Content starts

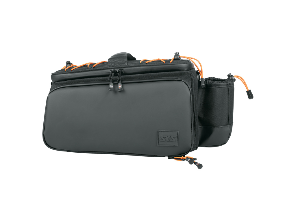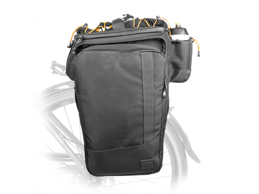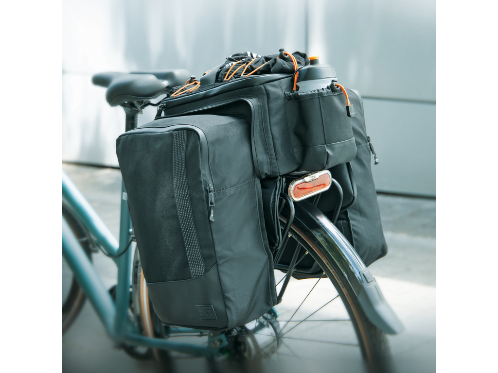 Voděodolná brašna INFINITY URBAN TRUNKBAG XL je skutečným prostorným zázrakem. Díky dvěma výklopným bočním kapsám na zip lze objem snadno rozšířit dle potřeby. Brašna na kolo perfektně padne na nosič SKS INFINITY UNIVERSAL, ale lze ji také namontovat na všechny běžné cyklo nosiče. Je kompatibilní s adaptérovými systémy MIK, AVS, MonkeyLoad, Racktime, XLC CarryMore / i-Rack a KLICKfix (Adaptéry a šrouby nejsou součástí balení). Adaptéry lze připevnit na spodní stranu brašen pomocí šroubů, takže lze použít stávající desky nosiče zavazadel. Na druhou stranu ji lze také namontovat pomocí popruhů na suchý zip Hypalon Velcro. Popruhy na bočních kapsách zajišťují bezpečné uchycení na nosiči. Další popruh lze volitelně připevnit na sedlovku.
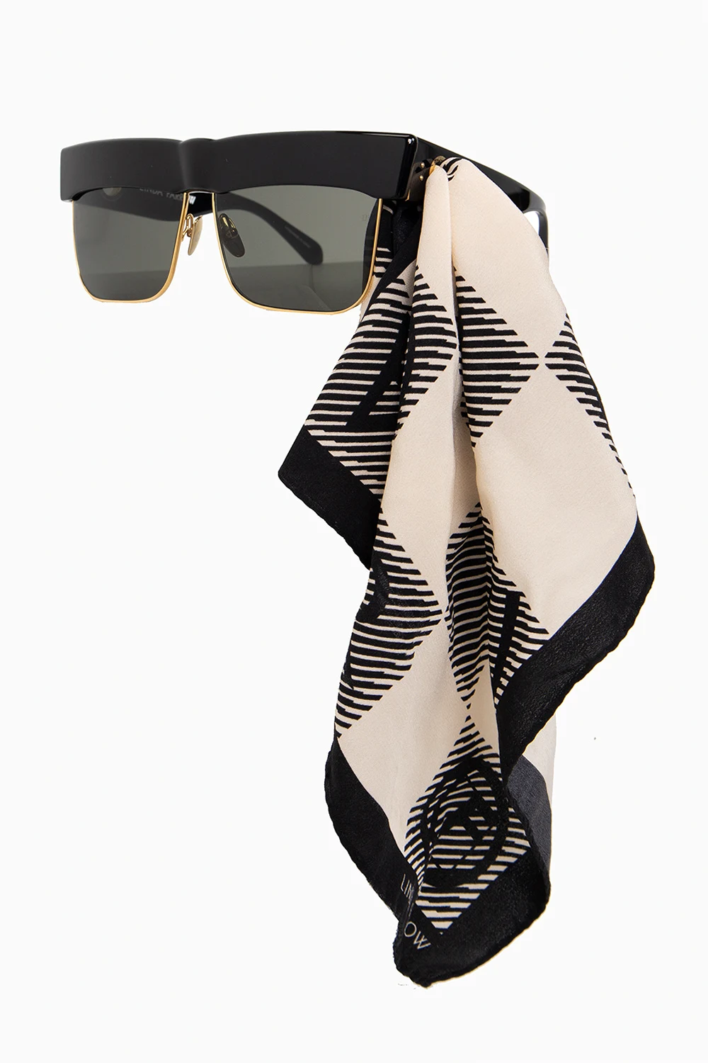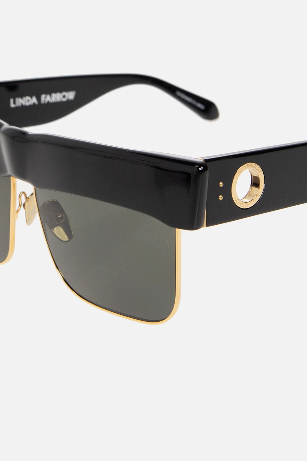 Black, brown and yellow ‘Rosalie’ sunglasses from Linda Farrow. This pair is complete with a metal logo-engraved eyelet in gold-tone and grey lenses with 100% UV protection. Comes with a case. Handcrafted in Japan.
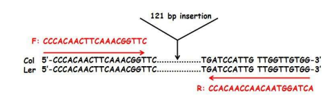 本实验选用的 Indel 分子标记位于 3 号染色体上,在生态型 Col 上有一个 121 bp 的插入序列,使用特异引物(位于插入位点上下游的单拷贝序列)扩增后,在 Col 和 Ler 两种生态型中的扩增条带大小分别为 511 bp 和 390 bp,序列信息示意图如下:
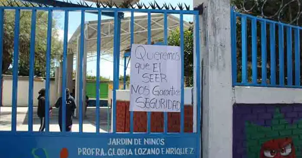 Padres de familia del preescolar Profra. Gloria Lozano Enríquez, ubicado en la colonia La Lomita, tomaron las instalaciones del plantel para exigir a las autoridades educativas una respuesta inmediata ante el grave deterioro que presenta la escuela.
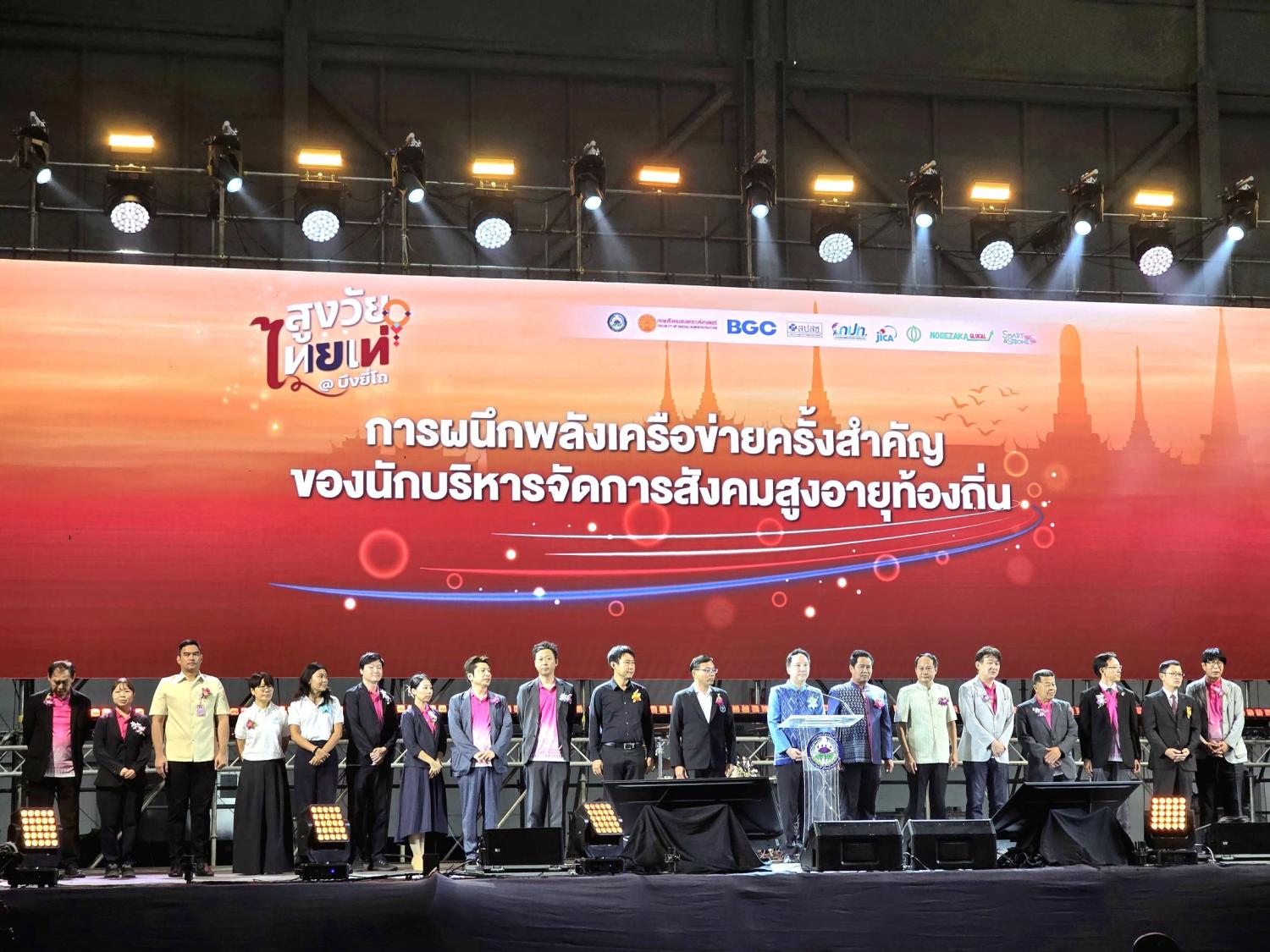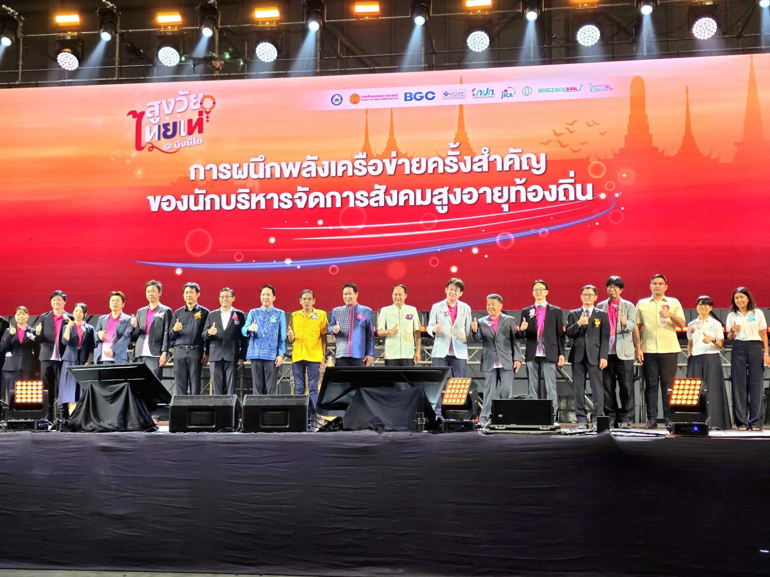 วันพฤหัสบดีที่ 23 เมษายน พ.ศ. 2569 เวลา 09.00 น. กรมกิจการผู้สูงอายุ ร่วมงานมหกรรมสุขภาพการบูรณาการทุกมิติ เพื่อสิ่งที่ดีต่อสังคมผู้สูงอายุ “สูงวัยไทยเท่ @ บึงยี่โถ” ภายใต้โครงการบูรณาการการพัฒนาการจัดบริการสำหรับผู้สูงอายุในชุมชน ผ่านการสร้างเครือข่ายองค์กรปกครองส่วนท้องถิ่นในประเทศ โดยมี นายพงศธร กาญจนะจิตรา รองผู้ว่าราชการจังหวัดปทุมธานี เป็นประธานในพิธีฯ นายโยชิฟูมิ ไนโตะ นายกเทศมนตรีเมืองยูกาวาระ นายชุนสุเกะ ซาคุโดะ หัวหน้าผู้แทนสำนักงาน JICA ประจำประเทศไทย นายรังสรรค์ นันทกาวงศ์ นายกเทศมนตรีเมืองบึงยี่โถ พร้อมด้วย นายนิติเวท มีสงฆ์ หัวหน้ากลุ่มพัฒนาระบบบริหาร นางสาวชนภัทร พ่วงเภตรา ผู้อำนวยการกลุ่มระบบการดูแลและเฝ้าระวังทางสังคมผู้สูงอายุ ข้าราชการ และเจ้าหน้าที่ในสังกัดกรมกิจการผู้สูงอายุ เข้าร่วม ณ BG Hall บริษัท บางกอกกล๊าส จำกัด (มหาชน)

Content ends

• _Goal of the exercise_:
Between and including the line above that contains "Black, brown and" and the line that contains "本实验选用的 Indel 分子标记位于", restate every line word for word. Pictures stay out.

• _Response for this exercise_:
 Black, brown and yellow ‘Rosalie’ sunglasses from Linda Farrow. This pair is complete with a metal logo-engraved eyelet in gold-tone and grey lenses with 100% UV protection. Comes with a case. Handcrafted in Japan.
 本实验选用的 Indel 分子标记位于 3 号染色体上,在生态型 Col 上有一个 121 bp 的插入序列,使用特异引物(位于插入位点上下游的单拷贝序列)扩增后,在 Col 和 Ler 两种生态型中的扩增条带大小分别为 511 bp 和 390 bp,序列信息示意图如下:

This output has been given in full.